◆ **EXERCISE AIM**: All of the entries need to be printed again exactly; pictures are the only thing to omit.
━━ DATA LISTING ━━
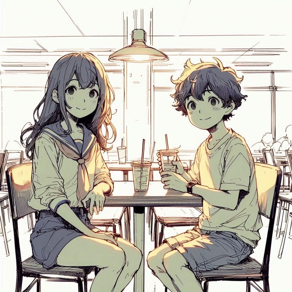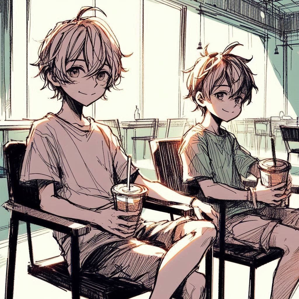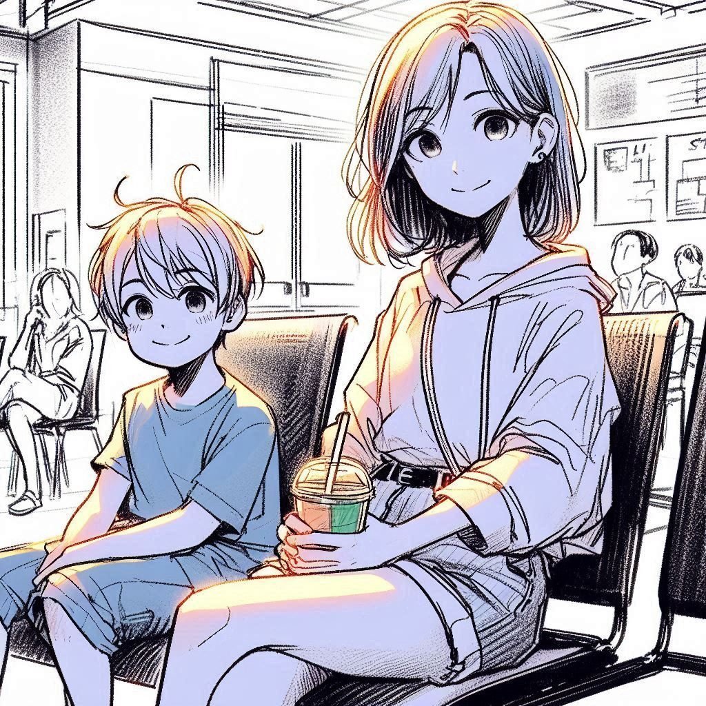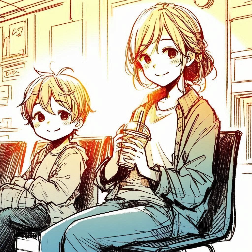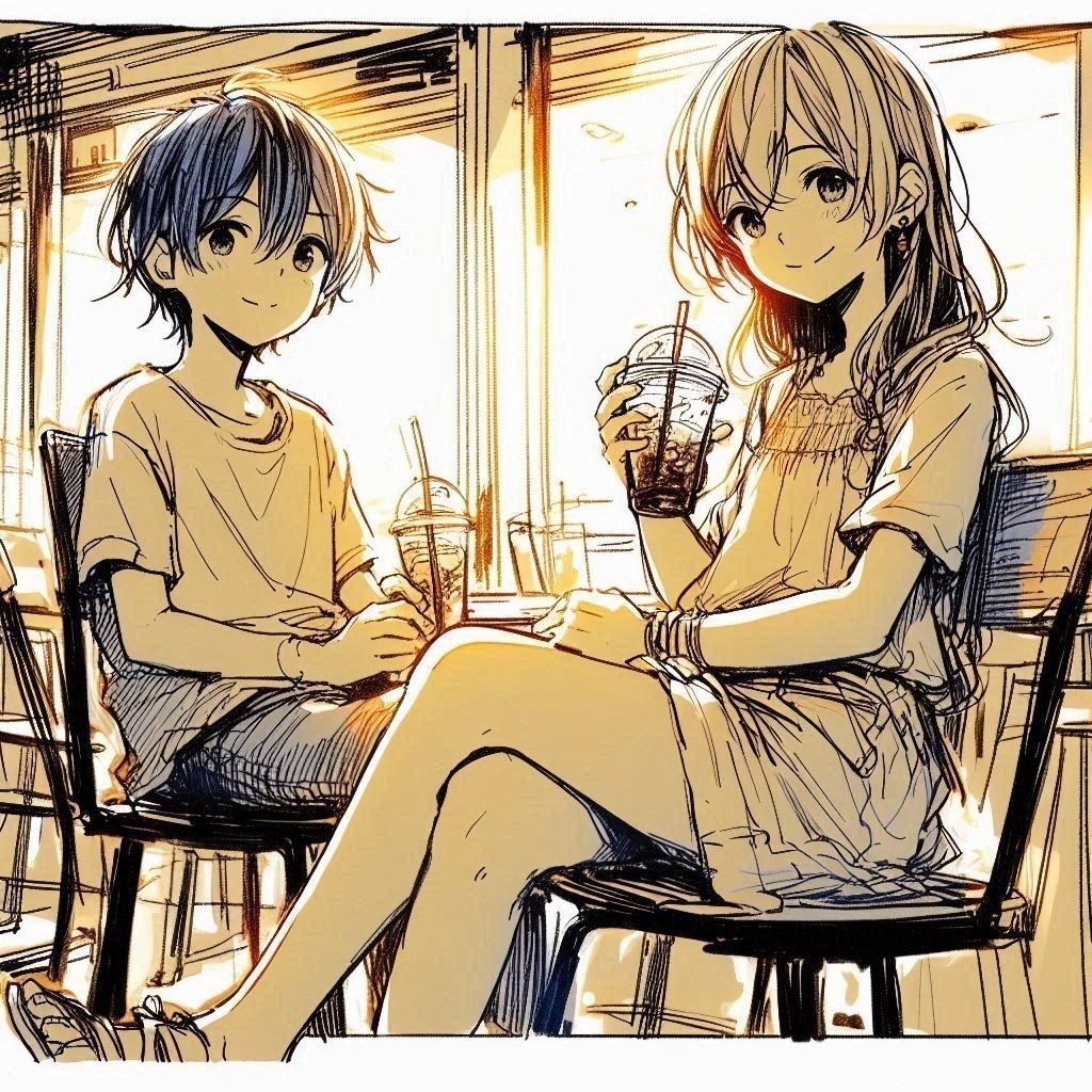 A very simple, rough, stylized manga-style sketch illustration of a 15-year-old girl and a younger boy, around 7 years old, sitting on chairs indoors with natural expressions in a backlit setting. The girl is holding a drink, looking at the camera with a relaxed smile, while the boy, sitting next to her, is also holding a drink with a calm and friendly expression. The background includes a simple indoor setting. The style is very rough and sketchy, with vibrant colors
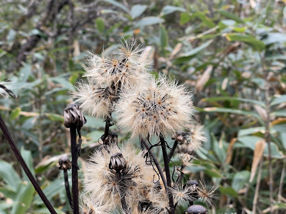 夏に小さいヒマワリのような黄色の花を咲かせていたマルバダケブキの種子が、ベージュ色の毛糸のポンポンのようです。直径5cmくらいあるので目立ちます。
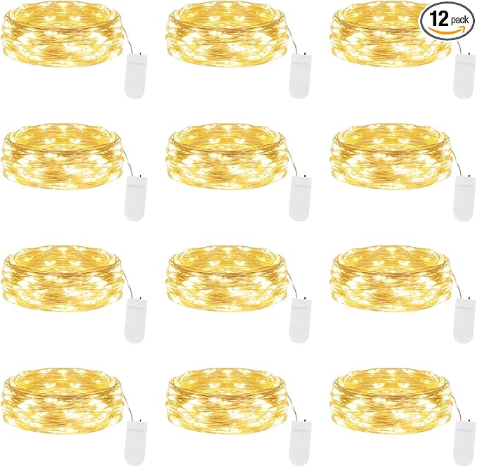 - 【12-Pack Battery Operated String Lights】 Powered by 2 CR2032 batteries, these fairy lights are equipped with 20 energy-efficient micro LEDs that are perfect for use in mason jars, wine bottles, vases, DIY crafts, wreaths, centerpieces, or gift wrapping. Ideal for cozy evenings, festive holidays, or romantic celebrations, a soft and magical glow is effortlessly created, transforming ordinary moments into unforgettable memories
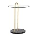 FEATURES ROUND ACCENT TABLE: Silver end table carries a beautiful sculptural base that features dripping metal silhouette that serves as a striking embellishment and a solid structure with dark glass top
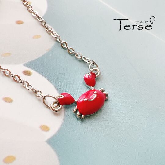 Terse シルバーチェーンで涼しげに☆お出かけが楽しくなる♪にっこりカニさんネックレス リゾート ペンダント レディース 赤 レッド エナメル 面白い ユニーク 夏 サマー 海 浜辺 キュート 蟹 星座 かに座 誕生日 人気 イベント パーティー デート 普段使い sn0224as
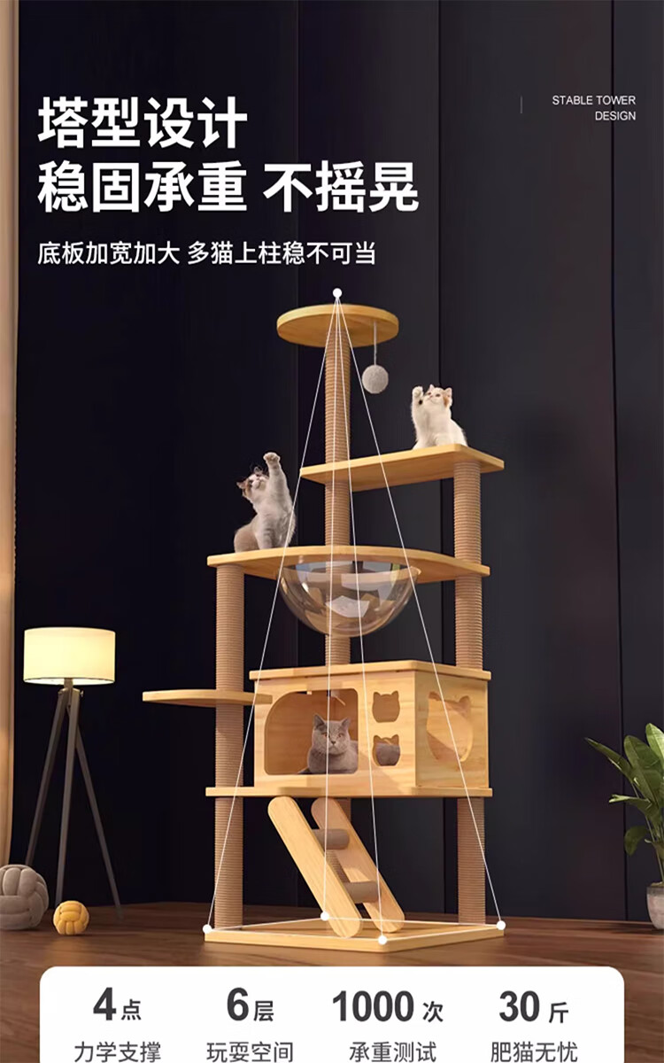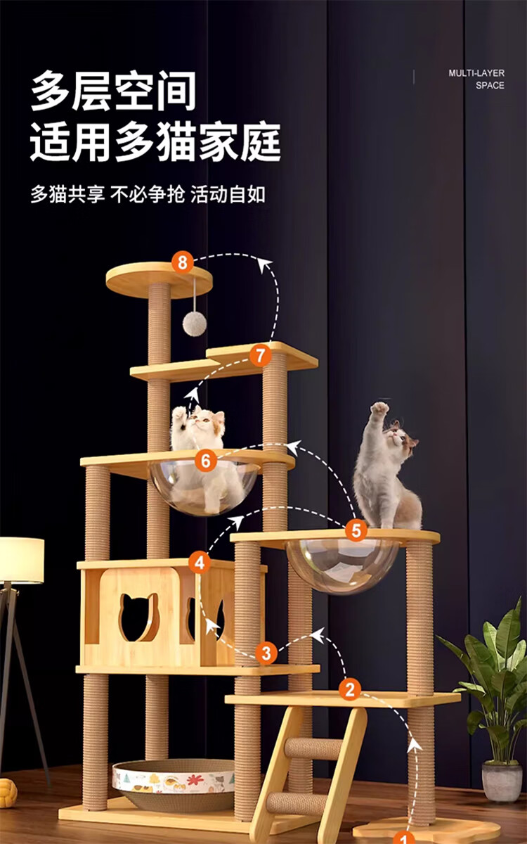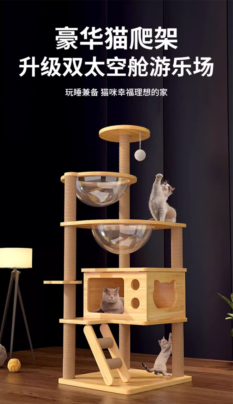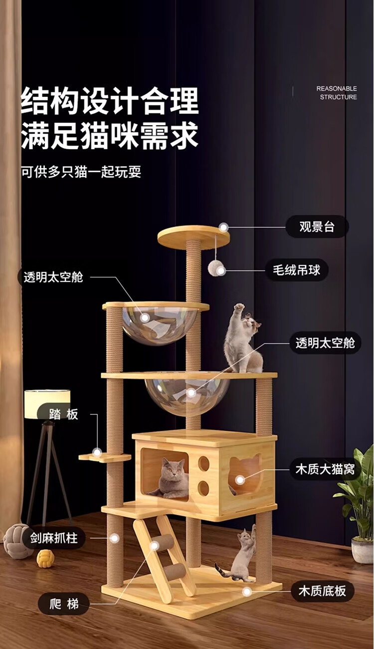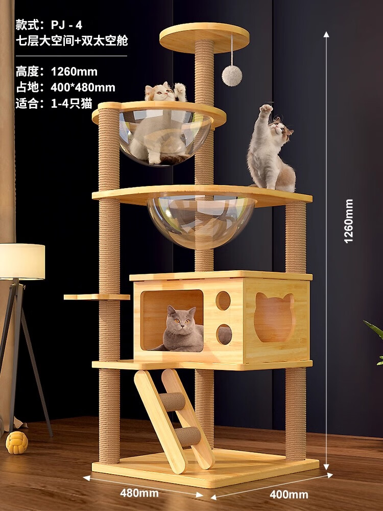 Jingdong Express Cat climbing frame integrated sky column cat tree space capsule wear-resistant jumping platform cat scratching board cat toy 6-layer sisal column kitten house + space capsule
━━━
◆ **WRITTEN RESPONSE**:
 A very simple, rough, stylized manga-style sketch illustration of a 15-year-old girl and a younger boy, around 7 years old, sitting on chairs indoors with natural expressions in a backlit setting. The girl is holding a drink, looking at the camera with a relaxed smile, while the boy, sitting next to her, is also holding a drink with a calm and friendly expression. The background includes a simple indoor setting. The style is very rough and sketchy, with vibrant colors
 夏に小さいヒマワリのような黄色の花を咲かせていたマルバダケブキの種子が、ベージュ色の毛糸のポンポンのようです。直径5cmくらいあるので目立ちます。
 - 【12-Pack Battery Operated String Lights】 Powered by 2 CR2032 batteries, these fairy lights are equipped with 20 energy-efficient micro LEDs that are perfect for use in mason jars, wine bottles, vases, DIY crafts, wreaths, centerpieces, or gift wrapping. Ideal for cozy evenings, festive holidays, or romantic celebrations, a soft and magical glow is effortlessly created, transforming ordinary moments into unforgettable memories
 FEATURES ROUND ACCENT TABLE: Silver end table carries a beautiful sculptural base that features dripping metal silhouette that serves as a striking embellishment and a solid structure with dark glass top
 Terse シルバーチェーンで涼しげに☆お出かけが楽しくなる♪にっこりカニさんネックレス リゾート ペンダント レディース 赤 レッド エナメル 面白い ユニーク 夏 サマー 海 浜辺 キュート 蟹 星座 かに座 誕生日 人気 イベント パーティー デート 普段使い sn0224as
 Jingdong Express Cat climbing frame integrated sky column cat tree space capsule wear-resistant jumping platform cat scratching board cat toy 6-layer sisal column kitten house + space capsule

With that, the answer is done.